→ **INPUT RECORDS**
========================
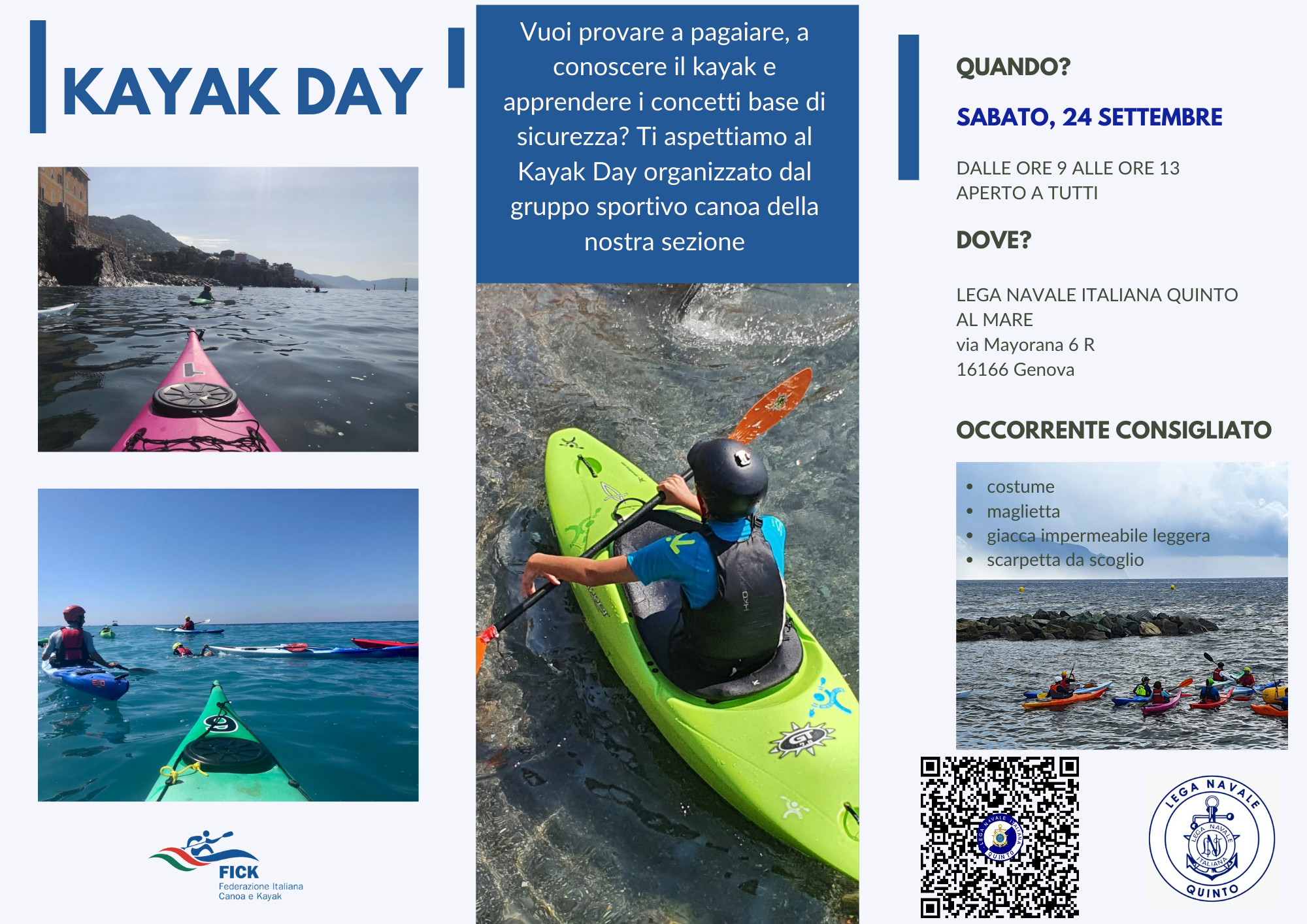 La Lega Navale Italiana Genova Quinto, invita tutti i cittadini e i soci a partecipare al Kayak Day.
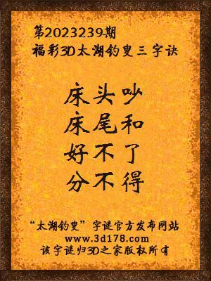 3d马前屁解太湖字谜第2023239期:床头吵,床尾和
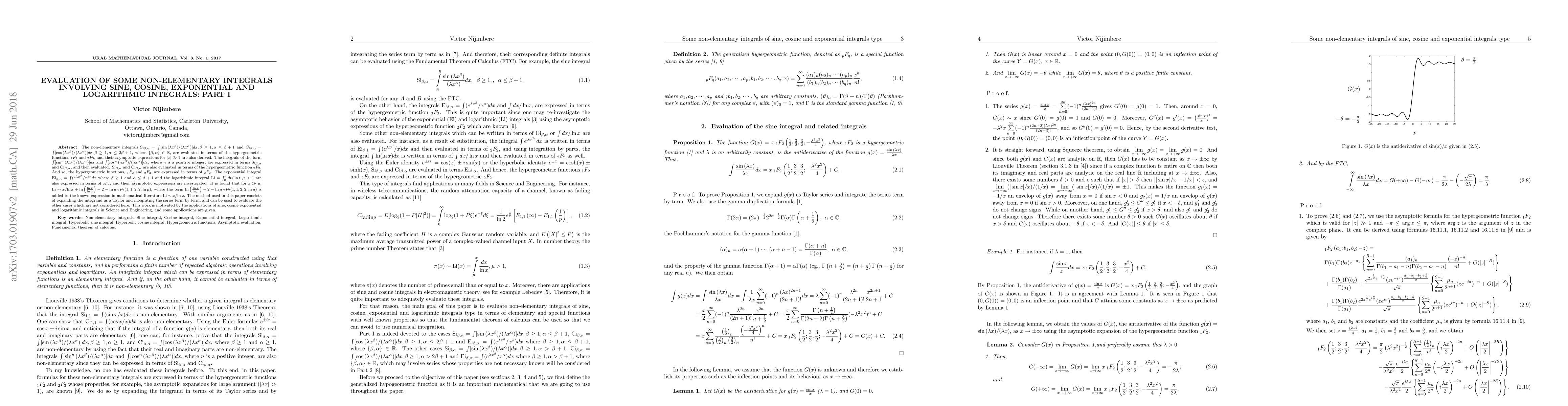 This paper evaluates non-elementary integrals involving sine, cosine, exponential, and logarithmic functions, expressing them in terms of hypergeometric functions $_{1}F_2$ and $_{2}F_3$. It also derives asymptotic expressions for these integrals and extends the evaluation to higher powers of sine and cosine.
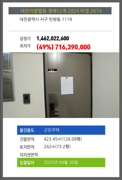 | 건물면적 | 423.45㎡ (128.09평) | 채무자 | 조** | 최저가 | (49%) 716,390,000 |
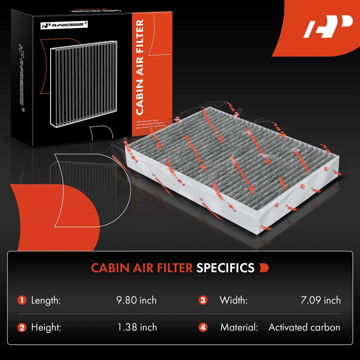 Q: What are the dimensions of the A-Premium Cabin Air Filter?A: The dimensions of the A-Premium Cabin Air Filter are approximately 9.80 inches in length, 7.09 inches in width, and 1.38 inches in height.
========================
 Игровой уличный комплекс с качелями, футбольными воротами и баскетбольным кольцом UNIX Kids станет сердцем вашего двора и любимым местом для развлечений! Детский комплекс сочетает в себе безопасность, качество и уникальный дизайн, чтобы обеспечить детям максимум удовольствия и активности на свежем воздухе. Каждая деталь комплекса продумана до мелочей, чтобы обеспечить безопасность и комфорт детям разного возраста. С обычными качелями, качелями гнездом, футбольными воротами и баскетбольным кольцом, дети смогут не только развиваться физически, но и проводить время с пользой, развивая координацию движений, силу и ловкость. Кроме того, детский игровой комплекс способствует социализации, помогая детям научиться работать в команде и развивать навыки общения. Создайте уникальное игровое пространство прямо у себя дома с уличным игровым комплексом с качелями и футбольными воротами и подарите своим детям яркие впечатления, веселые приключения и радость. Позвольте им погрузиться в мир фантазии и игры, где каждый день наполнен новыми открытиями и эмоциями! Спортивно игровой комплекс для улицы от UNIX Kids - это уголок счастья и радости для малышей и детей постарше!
========================
→ **TASK OBJECTIVE**
All that should appear in the answer is the lines above from the line with "3d马前屁解太湖字谜第2023239期:床头吵,床尾和" through the line with "Q: What are", retyped exactly, pictures left out.

→ **TASK ANSWER**
 3d马前屁解太湖字谜第2023239期:床头吵,床尾和
 This paper evaluates non-elementary integrals involving sine, cosine, exponential, and logarithmic functions, expressing them in terms of hypergeometric functions $_{1}F_2$ and $_{2}F_3$. It also derives asymptotic expressions for these integrals and extends the evaluation to higher powers of sine and cosine.
 | 건물면적 | 423.45㎡ (128.09평) | 채무자 | 조** | 최저가 | (49%) 716,390,000 |
 Q: What are the dimensions of the A-Premium Cabin Air Filter?A: The dimensions of the A-Premium Cabin Air Filter are approximately 9.80 inches in length, 7.09 inches in width, and 1.38 inches in height.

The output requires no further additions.